When the internal filenode URI is an immutable CHK file, that dirnode is
immutable. When we implement the deep-copy facility, it will have an option
to either create a new tree of mutable RW dirnodes, or a tree of immutable
dirnodes, and the latter can be done much more efficiently by creating CHK
files (no expensive RSA key generation) instead of mutable files.
I mentioned this one above:
I've decided we should verify it here; the cryptopp benchmarks show that my
Mac at home takes 560 microseconds per RSA2048 verification, so adding an
extra 10 checks will only add 5.6ms to the publish time, which is small
compared to the 42ms that the same computer will take to do the RSA2048
signature needed to publish the new contents.
I went ahead and pushed the verify-signatures-in-Publish._got_query_results change. It still needs testing, of course, just like all the other failure cases.
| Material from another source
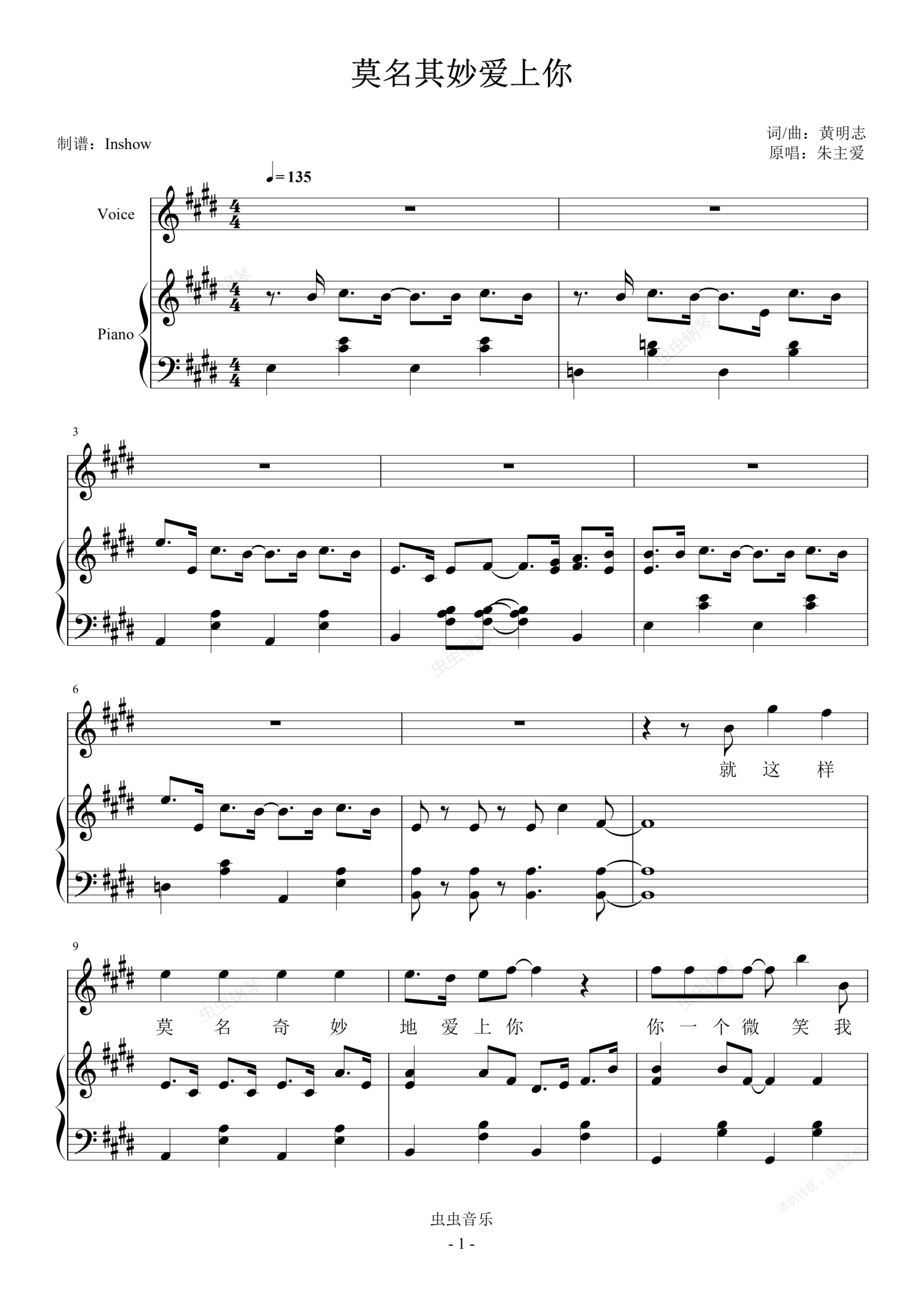 钢琴谱:朱主爱 - 莫名奇妙爱上你【钢琴伴奏谱】

I've created ticket #207 to hold all the parts of this task that can be deferred until v0.7.1.
Here are the remaining things that I think we need to fix to close this ticket:
The test failure on solaris had to do with old, incompatible versions of packages being loaded from the system instead of the current versions of the packages. I removed the old packages from the host, so that problem is currently not happening (although we would still like to fix it do that the unit tests do not load packages from the system -- #145).
I believe Brian implemented "check the share hash chain" in changeset:8ba10d0155cddeb3, but I'll leave it to him to close this ticket.
nope, not yet. I added a test which provokes a failure in a single share, to see if download succeeds anyways, but that test does not specifically check to make sure that the corrupted share is detected. There is not yet code to check this hash chain. Maybe today, more likely late tomorrow.
Ok, I just pushed the validate-the-share_hash_chain fix in changeset:2eeac5cff8baf05d, so this check is now being done.
I did an eyeball test, but we still need unit tests (but not for 0.7.0).
#207 has the remaining mutable file issues.
I will close this one shortly.. there's an OS-X buildbot failure in the test I just pushed, which I need to investigate before I'll consider this part done.
it looks like the code which is supposed to fall back to other shares when a corrupt share is detected is not working. The lack of deterministic tests (included in #207) makes this a random failure rather than an easily repeatable one.
still investigating..
Ok, the last issue is resolved, and getting multiple shares from a single server (in which one is bad and the other good) no longer causes the good shares to be ignored. The remainder of the mutable file issues (for release after this one) are in #207, I'm closing this one out.